MATERIAL PROVIDED section start
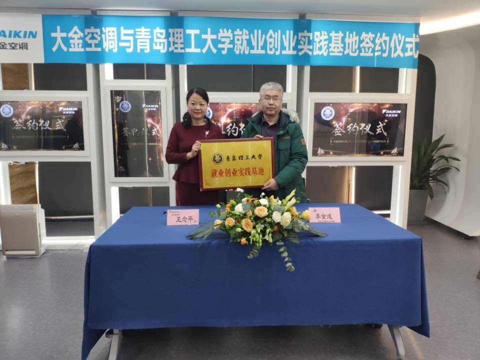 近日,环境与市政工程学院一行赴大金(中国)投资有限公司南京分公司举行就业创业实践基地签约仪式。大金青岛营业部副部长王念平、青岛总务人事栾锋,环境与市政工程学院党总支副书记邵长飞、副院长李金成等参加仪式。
MATERIAL PROVIDED section end
MATERIAL PROVIDED section start
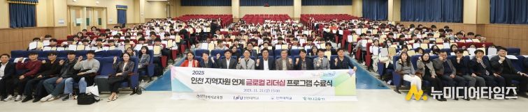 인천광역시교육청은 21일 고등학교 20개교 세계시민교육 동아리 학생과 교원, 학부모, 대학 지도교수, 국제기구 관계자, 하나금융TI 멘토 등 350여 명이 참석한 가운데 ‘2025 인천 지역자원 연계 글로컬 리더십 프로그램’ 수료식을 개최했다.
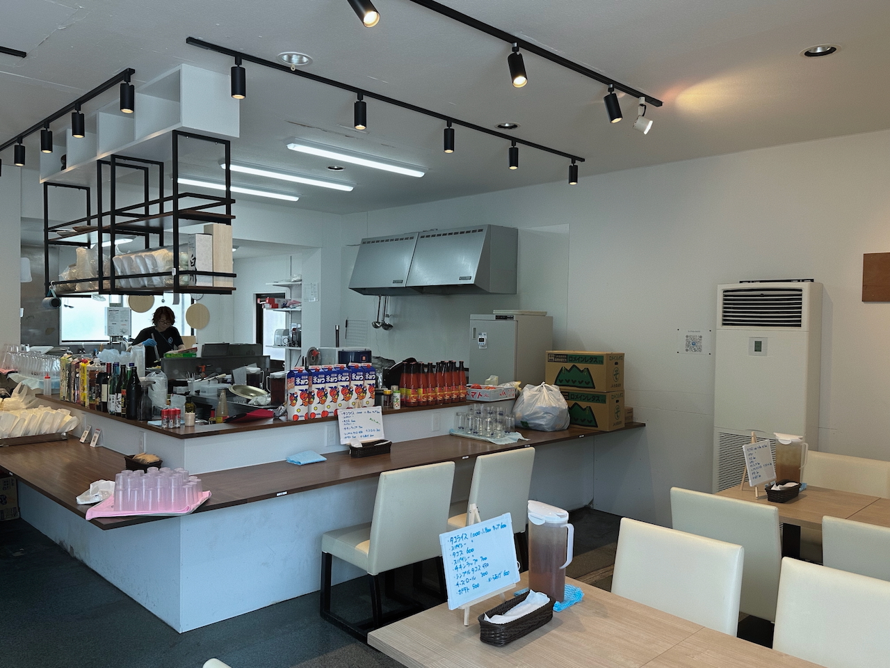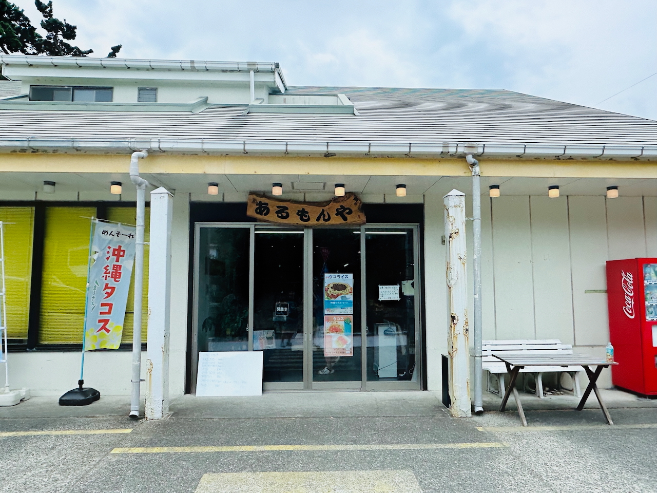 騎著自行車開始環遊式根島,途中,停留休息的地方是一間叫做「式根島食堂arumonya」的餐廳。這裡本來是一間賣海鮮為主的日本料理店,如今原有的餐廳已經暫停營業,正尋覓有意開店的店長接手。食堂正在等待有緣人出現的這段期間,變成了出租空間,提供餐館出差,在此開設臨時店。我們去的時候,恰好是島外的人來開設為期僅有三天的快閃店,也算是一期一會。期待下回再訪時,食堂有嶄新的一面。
MATERIAL PROVIDED section end
TASK TO CARRY OUT: Would you transcribe the lines above exactly, going from the line bearing "인천광역시교육청은 21일 고등학교" through the line bearing "騎著自行車開始環遊式根島,途", and drop the pictures from the copy?

RESPONSE:
 인천광역시교육청은 21일 고등학교 20개교 세계시민교육 동아리 학생과 교원, 학부모, 대학 지도교수, 국제기구 관계자, 하나금융TI 멘토 등 350여 명이 참석한 가운데 ‘2025 인천 지역자원 연계 글로컬 리더십 프로그램’ 수료식을 개최했다.
 騎著自行車開始環遊式根島,途中,停留休息的地方是一間叫做「式根島食堂arumonya」的餐廳。這裡本來是一間賣海鮮為主的日本料理店,如今原有的餐廳已經暫停營業,正尋覓有意開店的店長接手。食堂正在等待有緣人出現的這段期間,變成了出租空間,提供餐館出差,在此開設臨時店。我們去的時候,恰好是島外的人來開設為期僅有三天的快閃店,也算是一期一會。期待下回再訪時,食堂有嶄新的一面。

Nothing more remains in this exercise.